Sociology Index

SUPEREGO

Superego is a concept developed by psychoanalyst Sigmund Freud that describes one of three components of the individual personality or self. The personality consists of the id: the innate impulses and drives, the ego: the unique and individual self; and the superego: the internalized social norms or conscience. Much Freudian analytical theory is based on articulating the development of these aspects of self and their relationship. The superego's criticisms, prohibitions, and inhibitions form a person's conscience, and its positive aspirations and ideals represent one's idealized self-image, or “ego ideal.”

In Psychoanalysis superego is the part of the mind which internalizes parental and social prohibitions or ideals early in life and imposes them as a censor on the wishes of the ego which is the agent of self-criticism. The superego is the faculty that seeks to police what it deems unacceptable desires; it represents all moral restrictions and is the "advocate of a striving towards perfection."

According to Freud psychoanalytic theory, the id is the primitive and instinctual part of the mind that contains sexual and aggressive drives and hidden memories, the superego operates as a moral conscience, and the ego is the realistic part that mediates between the desires of the id and the superego.

The Id is the unconscious drives and psychic energies of humans as biological organisms. The Ego is the outcome of the individual's struggle to adapt their basic drives or the ‘id’ to the imperative control of society and culture or superego. Sigmund Freud, who coined the name narcissism believed that some Narcissism is an essential part of all of us from birth.

The Superego and the Act: A lecture by Slavoj Zizek.

The more profit you have, the more you want, the more you drink Coke, the more you are thirsty, the more you obey the superego command, the more you are guilty. In all three cases, the logic of balanced exchange is disturbed in favor of an excessive logic of "the more you give the more you owe", or the "more you possess what you are longing for, the more you are missing and thus the greater your craving", or the consumerist version, "the more you buy the more you must spend".

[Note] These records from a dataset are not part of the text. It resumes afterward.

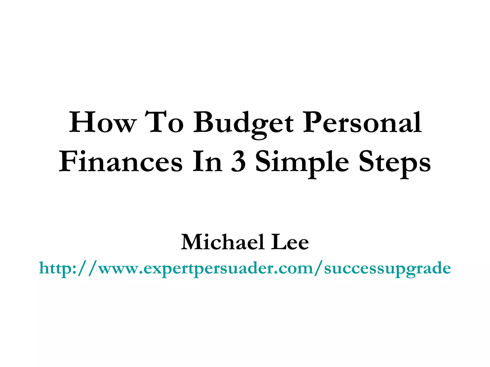 The document outlines a simple three-step process for budgeting personal finances, emphasizing the importance of tracking expenses, saving a portion of earnings, and utilizing online budgeting tools. Step one involves listing daily expenses to increase awareness of spending habits. The second step suggests saving 5-10% of earnings, while the final step recommends using budgeting software like Mint or Quicken to manage finances effectively.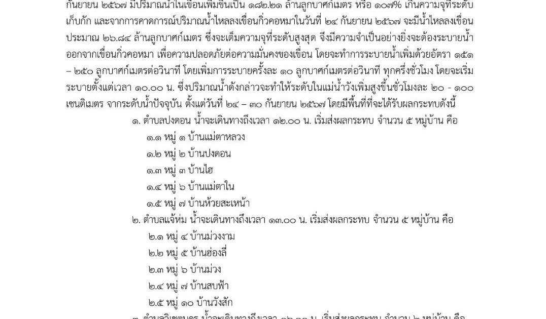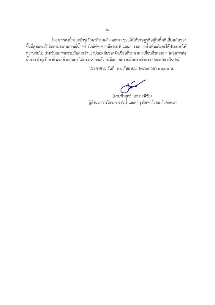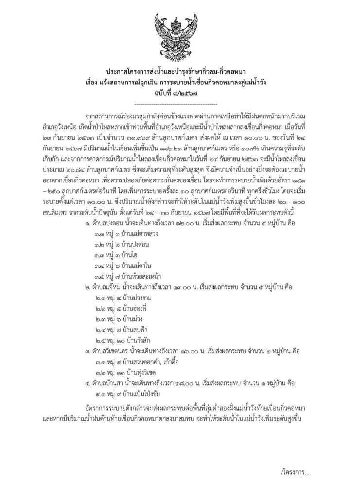 เรื่อง เเจ้งสถานการณ์ฉุกเฉิน การระบายน้ำเขื่อนกิ่วคอหมาลงสู่เเมาน้ำวัง ฉบับที่ 9/2567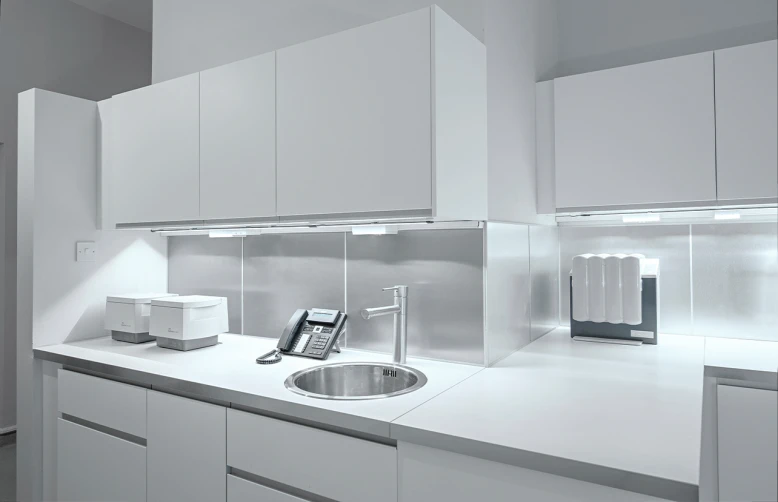 A soft, textured palette echoes into the strictly dental spaces in an effort to balance out the stark, white cabinetry and necessary stainless-steel finishes.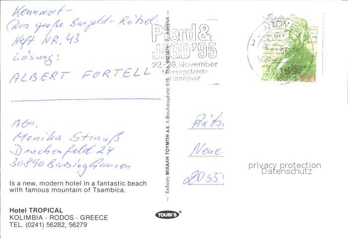 old postcard Rhodos Rhodes aegaeis Hotel Tropical Kolimbia postalisch gelaufen Erhaltung siehe scans
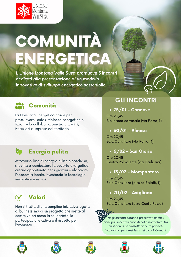 L’Unione Montana Valle Susa, in collaborazione con la Comunità Energetica Rinnovabile ETS “Energia Comune”, organizza una serie di incontri dedicati alla presentazione di un modello innovativo di sviluppo energetico sostenibile.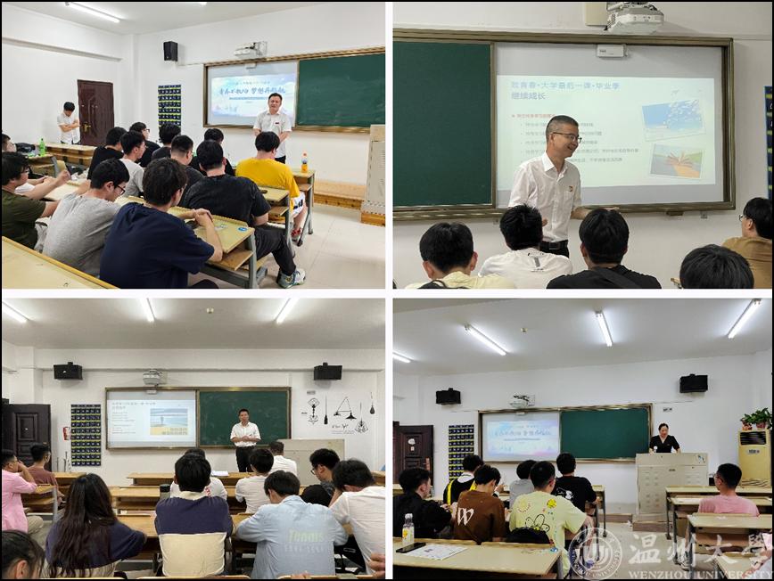 近日,温州大学电气与电子学院领导分头到各个毕业班,同班主任一道为毕业生上了大学生涯中的最后一堂课,领导们一改之前专业课程的授课方式,紧贴生活实际,围绕“立足当下,肩负青年时代使命”“继续成长,树立终生学习意识”“心怀感恩,培养优秀人格品质”“展望未来,求学问是敢为人先”四个主题,课堂上认真听课的毕业生们频频点头,不时爆发热烈掌声。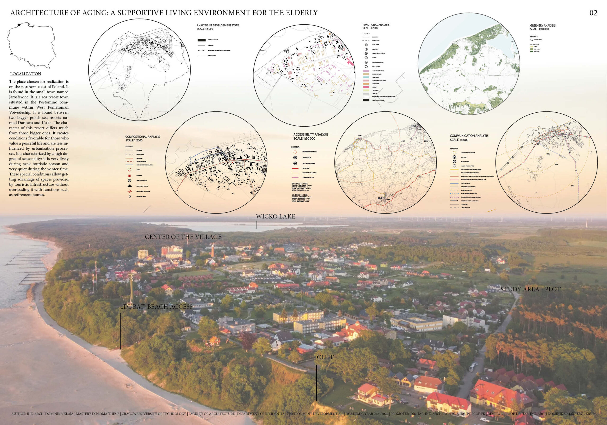 relations. The design part of this thesis presents an architectural design for a nursing home in the Polish seaside resort town of Jarosławiec. The location was selected because of the value of its landscapes and climatic conditions, as well as the coastal environment’s therapeutic potential. The design is based on the specifics of the site and topography, along with the relationship that the facility should maintain with the surrounding greenery, in order to provide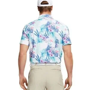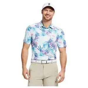 Elevate your casual style with this vibrant tropical print polo. Perfect for any relaxed occasion.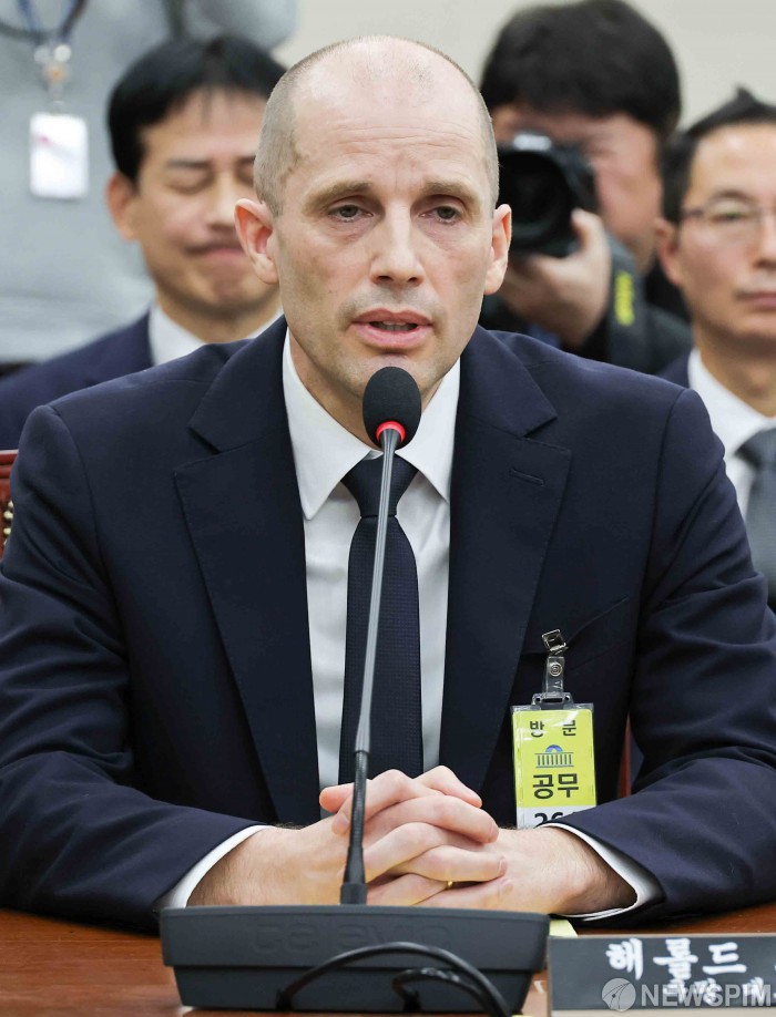 [서울=뉴스핌] 윤창빈 기자 = 헤롤드 로저스 쿠팡 대표가 17일 서울 여의도 국회 과학기술정보방송통신위원회에서 열린 쿠팡 침해사고 관련 청문회에서 의원 질문에 답변하고 있다. 2025.12.17 pangbin@newspim.com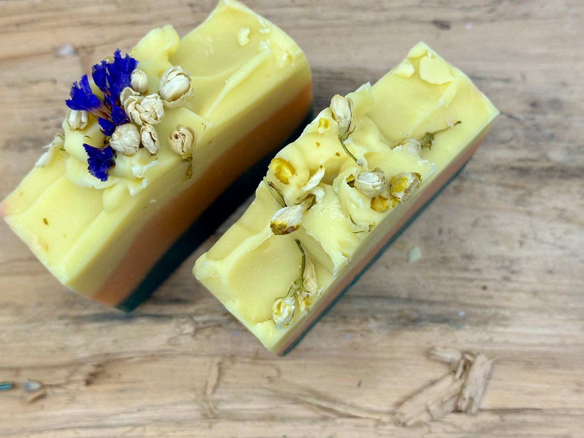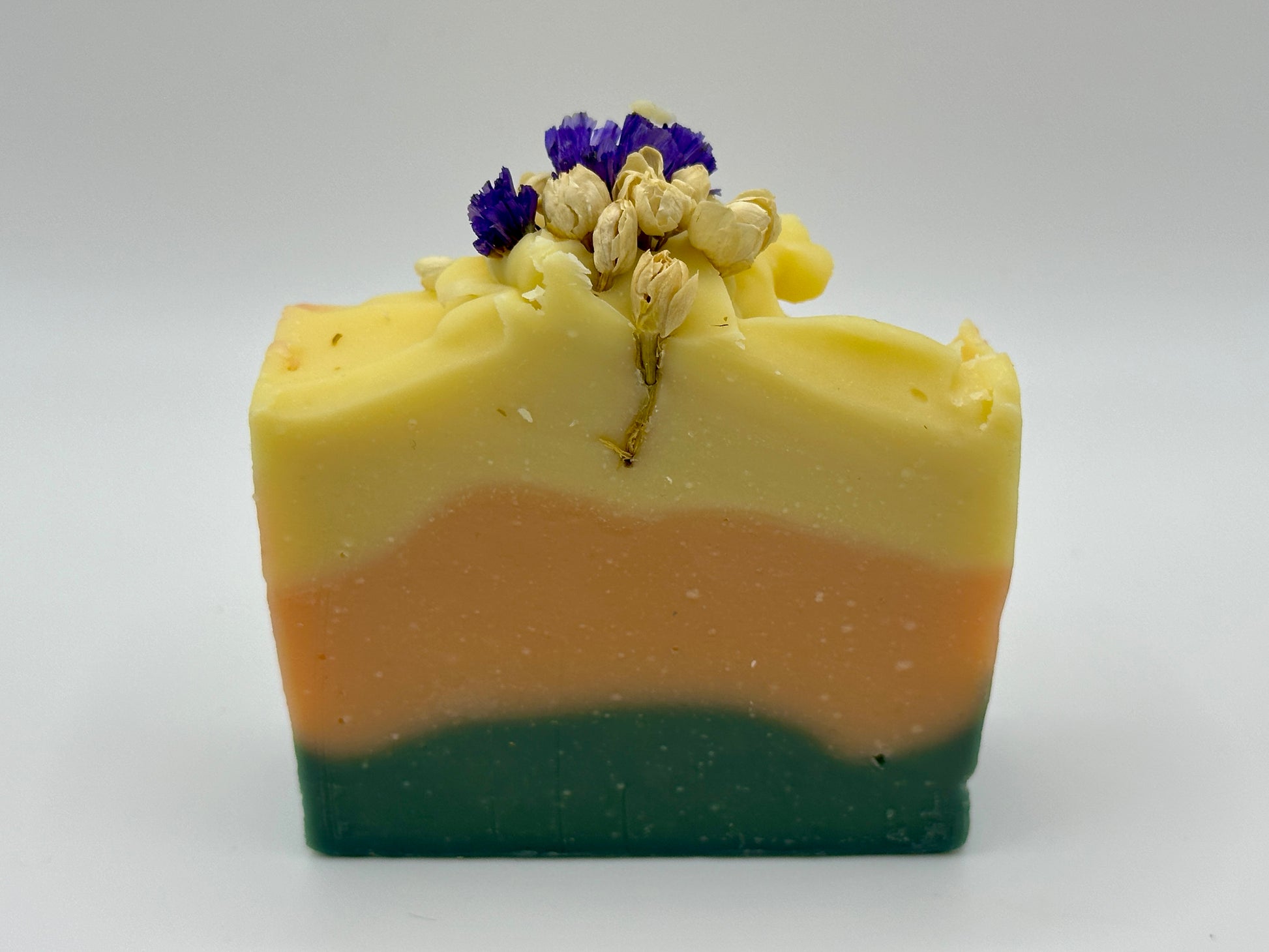 Ingredients: Aqua, Citric Acid, Mango Butter, Shea Butter, Coconut Oil, Olive oil, Castor Oil, Sweet Almond oil, Cocoa butter, Fresh Mango Pure, Sodium Hydroxide, Dried Statice Sinuata Blue Flowers, Dried Jasmine Flowers, Maca powder, Essential oils: Pink Grapefruit, Lemon, Lavender, Peppermint, Petitgrain.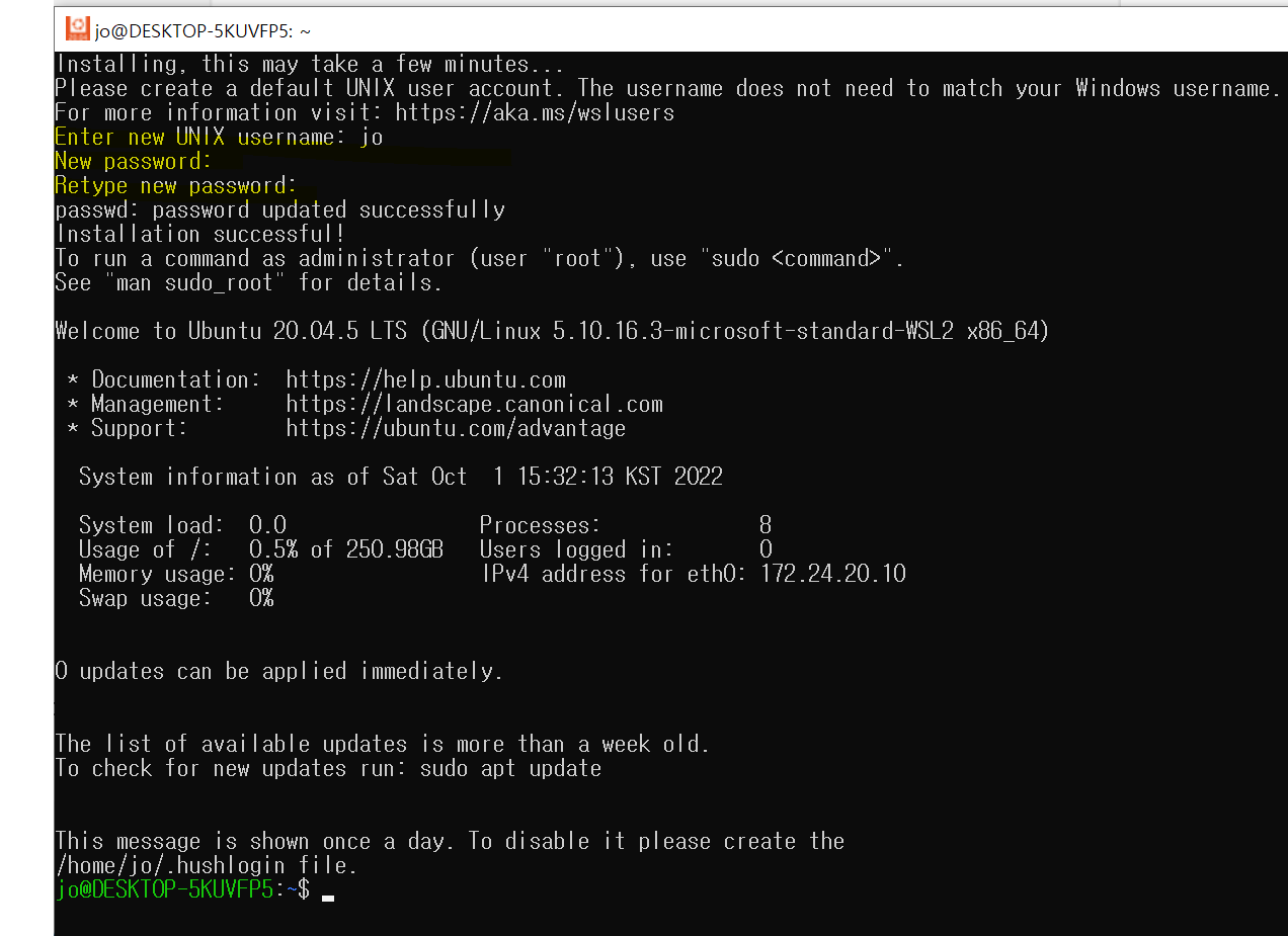 명령 프롬프트에서 bash 입력시 WSL 환경으로 바로 접속할 수 있다.

This paradox is the very opposite of the paradox of love where, as Juliet put it to Romeo, "the more I give, the more I have." This superego-paradox also allows us to throw new light onto the functioning of today’s art scene.

Superego is the reversal of the permissive "You May!" into the prescriptive "You Must", the point in which permitted enjoyment turns into ordained enjoyment. We all know the formula of Kant's unconditional imperative: "Du canst, denn du sollst". You can do your duty, because you must do it.

Superego turns this around into "You must, because you can." The New Age wisdom of recovering the spontaneity of your true self seems to offer a way out of this superego predicament. Is this attitude not secretly sustained by the superego imperative? You must do your duty of achieving full self–realization and self–fulfillment because you can. So what is superego? The external opposition between pleasure and duty is precisely overcome in the superego.